> _RECORDED DATA_
------------------------

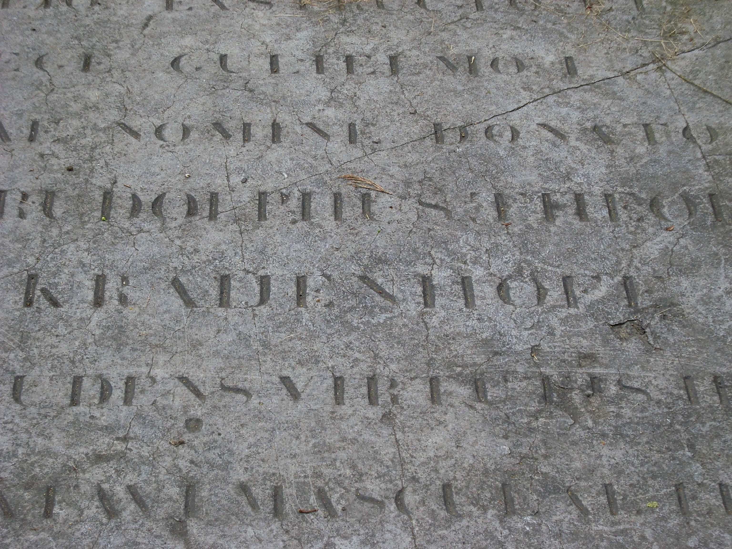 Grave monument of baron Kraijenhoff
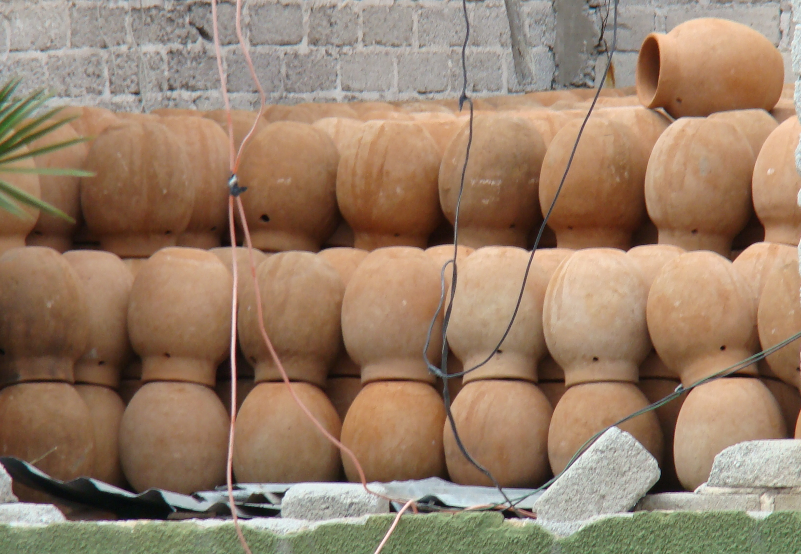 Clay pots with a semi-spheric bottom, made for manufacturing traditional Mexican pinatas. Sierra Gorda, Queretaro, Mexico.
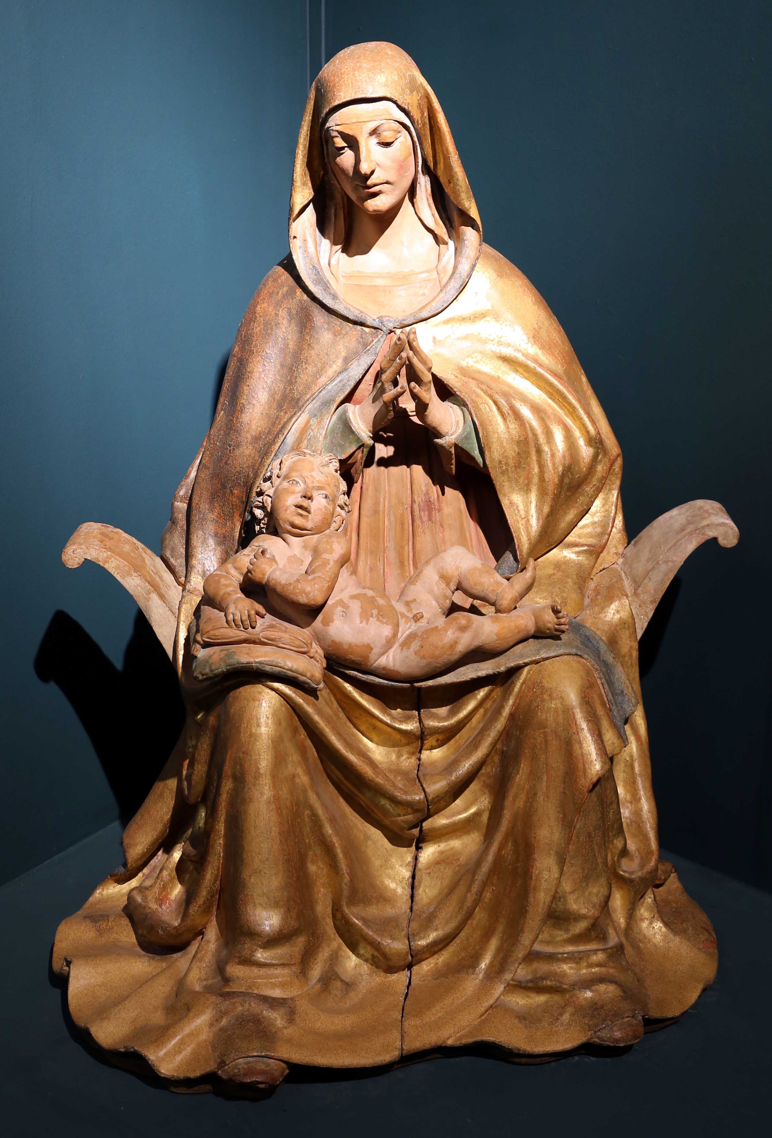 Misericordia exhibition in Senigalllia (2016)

------------------------

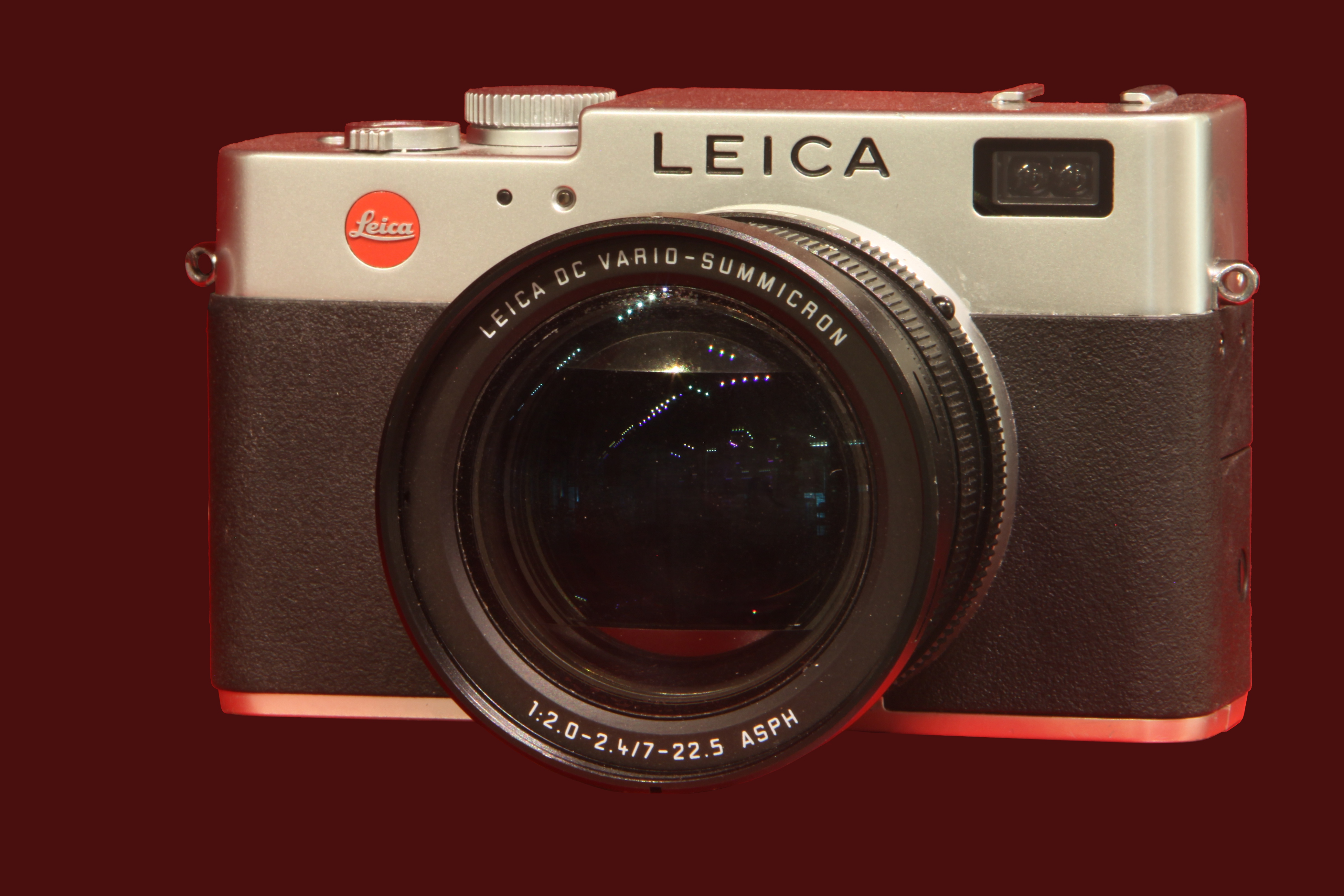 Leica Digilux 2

------------------------

> _WHAT IS REQUIRED_
Within these entries, output exactly the lines starting at the one with "Clay pots with" and finishing at the one with "Misericordia exhibition in". Leave pictures out of the output.

> _REPLY_
 Clay pots with a semi-spheric bottom, made for manufacturing traditional Mexican pinatas. Sierra Gorda, Queretaro, Mexico.
 Misericordia exhibition in Senigalllia (2016)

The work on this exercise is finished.